Requirement: Will you write out, word for word, every line from the one with "为进一步深化产教融合内涵,强" to the final line of the data below, with the pictures left out?

Data:
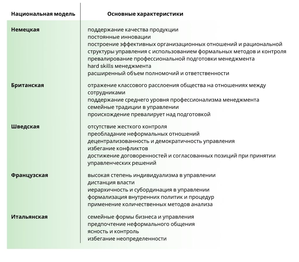 Европейская модель менеджмента существенно отличается от моделей Японии и США, главной чертой которых является достаточно жесткий подход к вопросу управления персоналом. Большинство европейских стран (Норвегия, Англия, Швеция и Голландия) интенсивно развивают принципы менеджмента, позволяющие каждому сотруднику избрать определенную роль в управленческом процессе. Помимо этого, европейская модель менеджмента развивалась в направлении определения человеческого поведения при оказании на него коллективного воздействия.
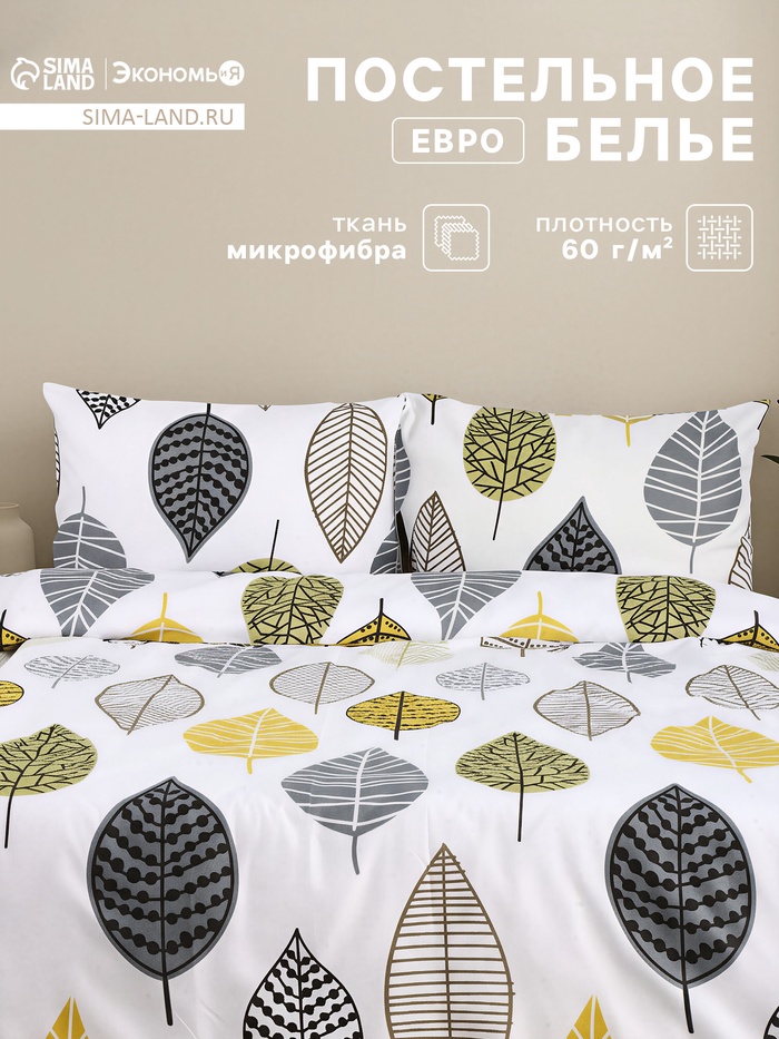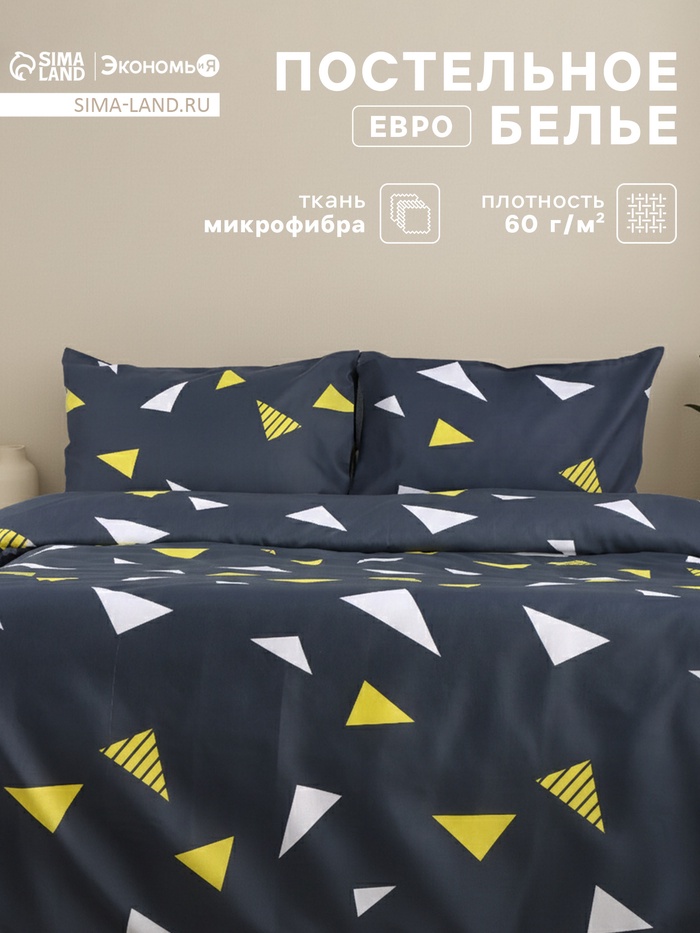 Постельное бельё евро «Экономь и Я», микрофибра 60 г/м², чёрное, белое
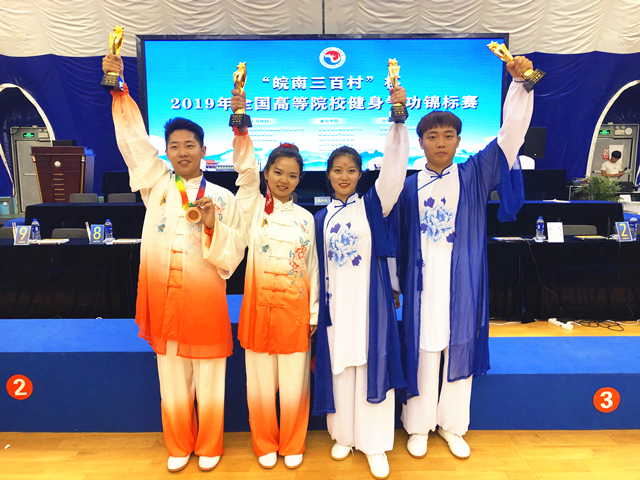 经过激烈的角逐,我校健身气功代表队不负众望,取得两项普通组集体项目二等奖、两项集体项目三等奖。我校旅游学院梁永和获得大舞男子个人项目第三名,工商管理学院徐晓菲获得八段锦女子个人项目第四名,教育学院傅久修获得五禽戏女子个人项目第五名,体育教学部牛继超博士获得五禽戏男子个人项目第七名的好成绩。此外,工商管理学院徐晓菲同学被评为优秀运动员,体育教学部吕梅老师被评为优秀教练员。
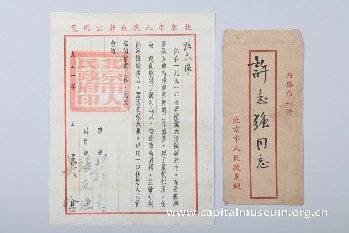 藏品的正面是一封北京市人民政府写给市民许志强的表彰函,写于1951年5月。在函中,市政府感谢许志强在1951年首都北京春季清洁大扫除运动中充分表现团结互助精神与高度的工作热情,起到了模范作用,使这一运动收获了胜利成果。函的末尾是北京市市长彭真和副市长张友渔、吴晗的签名。捐赠人许政明为许志强之子。
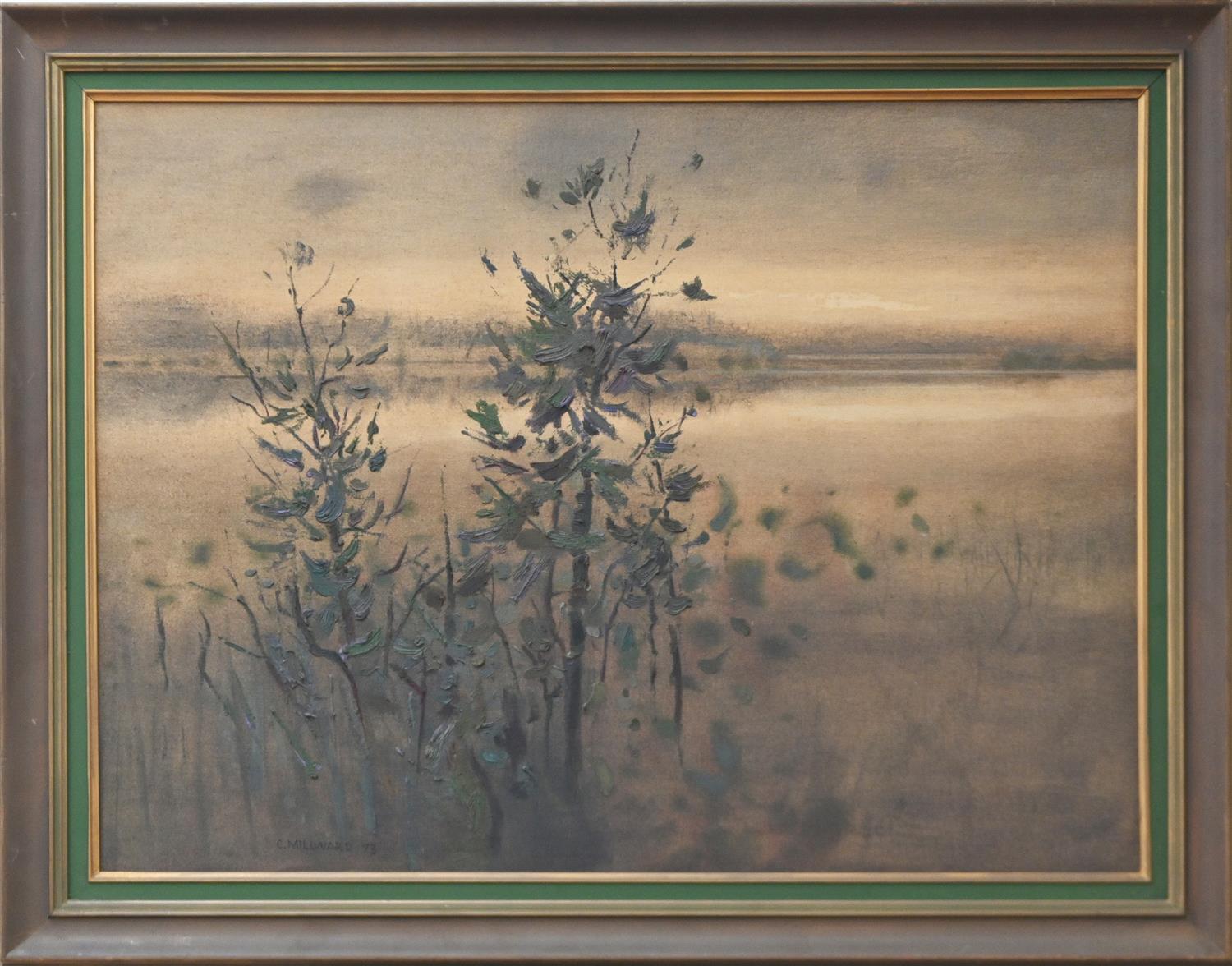 CLEM MILLWARD, DAWN CUDMIRRAH LAKE 1973, OIL ON CANVASBOARD, 55 X 74.5CM, FRAME SIZE: 68 X 88CM
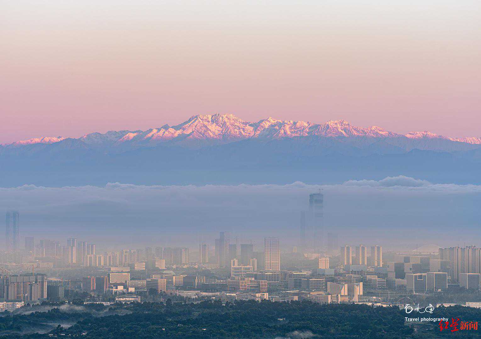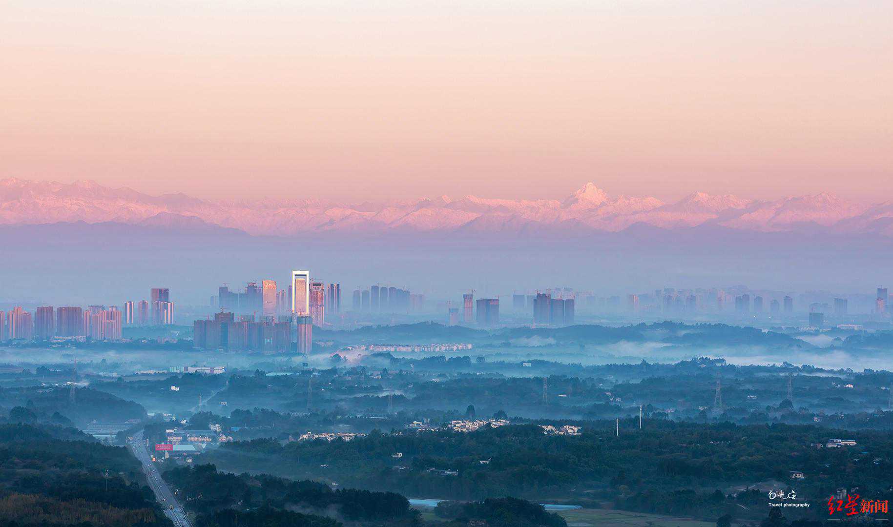 看雪山看猛禽,可以拍到天府新区与贡嘎雪山同框。
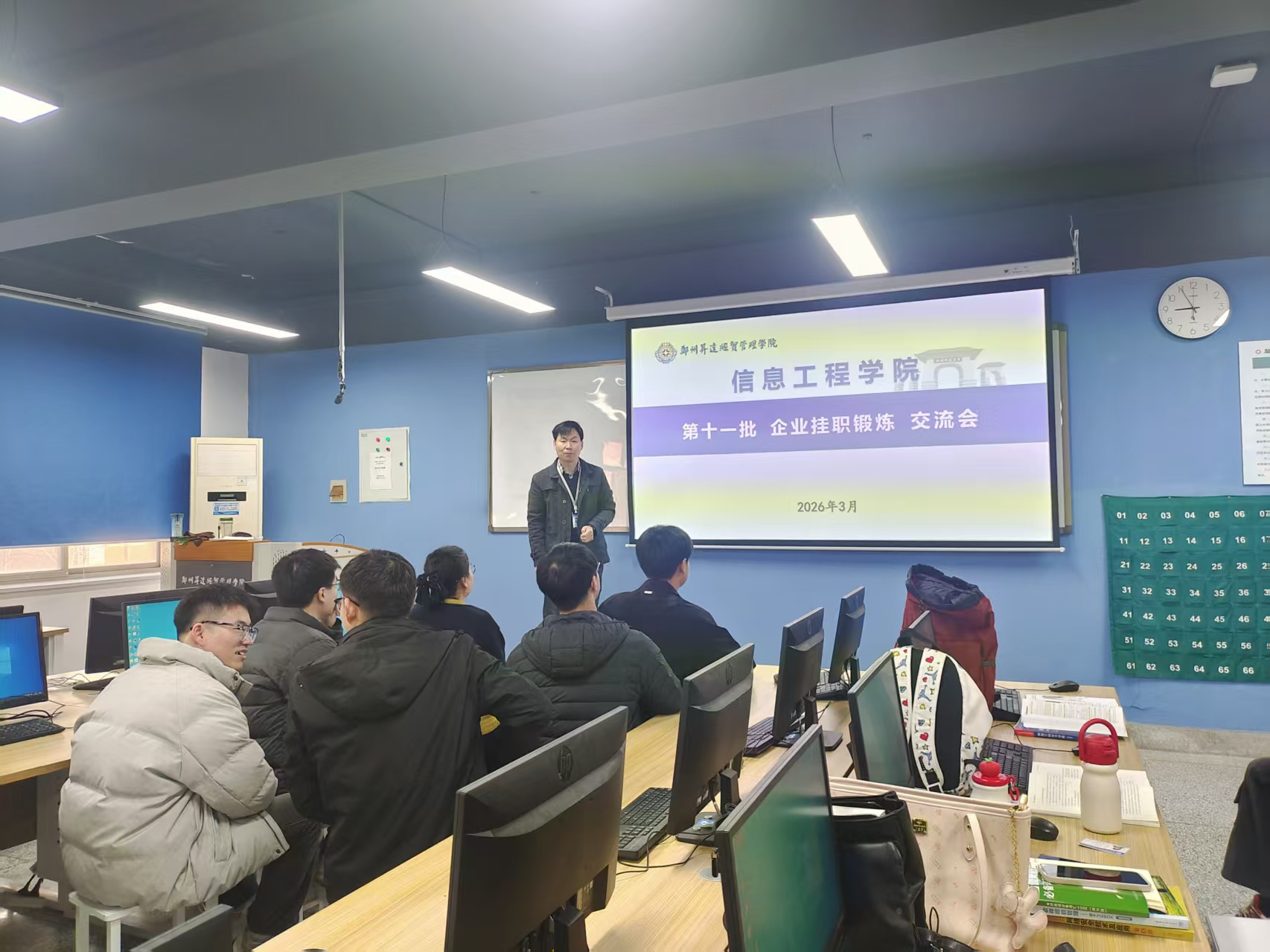 为进一步深化产教融合内涵,强化教师工程实践能力,推动校企合作成果向教学资源转化,信息工程学院于2025年3月9日下午在资讯楼215网络空间安全实验室举行第十一批教师挂职锻炼汇报交流会。本次会议以“总结实践成效、共享行业经验、赋能教学改革”为目标,信息工程学院各教研室骨干教师代表参会交流。
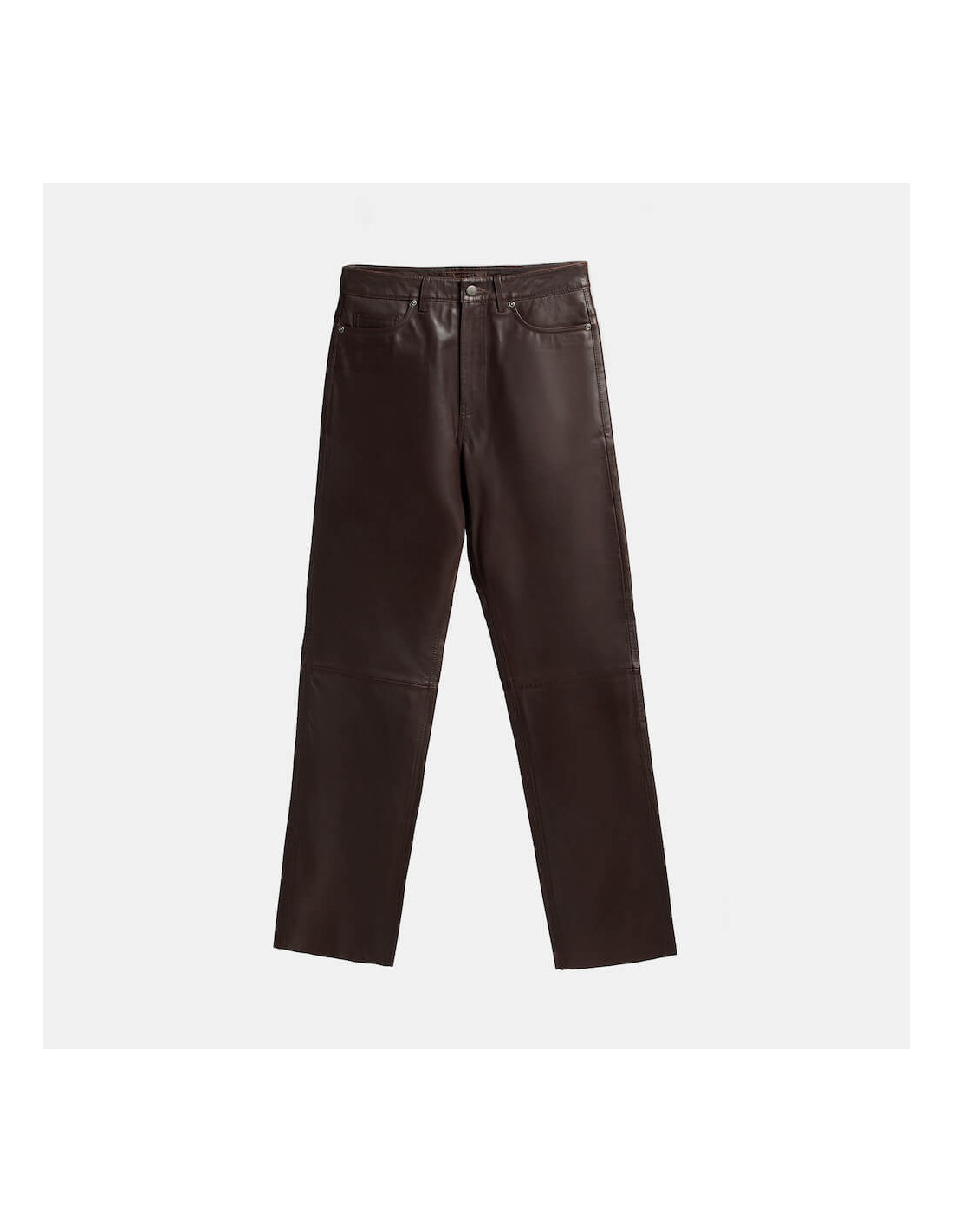 Calça de couro elaborada em couro 100% com corte de cintura alta e perna reta, sua costura na altura do joelho fará você parecer mais alta. O couro de alta qualidade proporciona a essa calça uma textura suave, enquanto realça sua durabilidade e resistência, tornando-se uma peça que perdura no tempo. Seu ajuste favorecedor e corte realçarão sua figura.
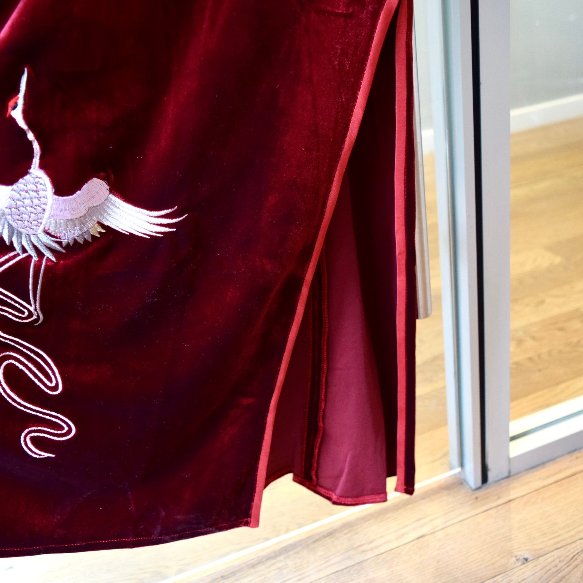 Red Velvet Crane Embroidered Qipao Midi Dress - Chinese Cheongsam

Result:
 为进一步深化产教融合内涵,强化教师工程实践能力,推动校企合作成果向教学资源转化,信息工程学院于2025年3月9日下午在资讯楼215网络空间安全实验室举行第十一批教师挂职锻炼汇报交流会。本次会议以“总结实践成效、共享行业经验、赋能教学改革”为目标,信息工程学院各教研室骨干教师代表参会交流。
 Calça de couro elaborada em couro 100% com corte de cintura alta e perna reta, sua costura na altura do joelho fará você parecer mais alta. O couro de alta qualidade proporciona a essa calça uma textura suave, enquanto realça sua durabilidade e resistência, tornando-se uma peça que perdura no tempo. Seu ajuste favorecedor e corte realçarão sua figura.
 Red Velvet Crane Embroidered Qipao Midi Dress - Chinese Cheongsam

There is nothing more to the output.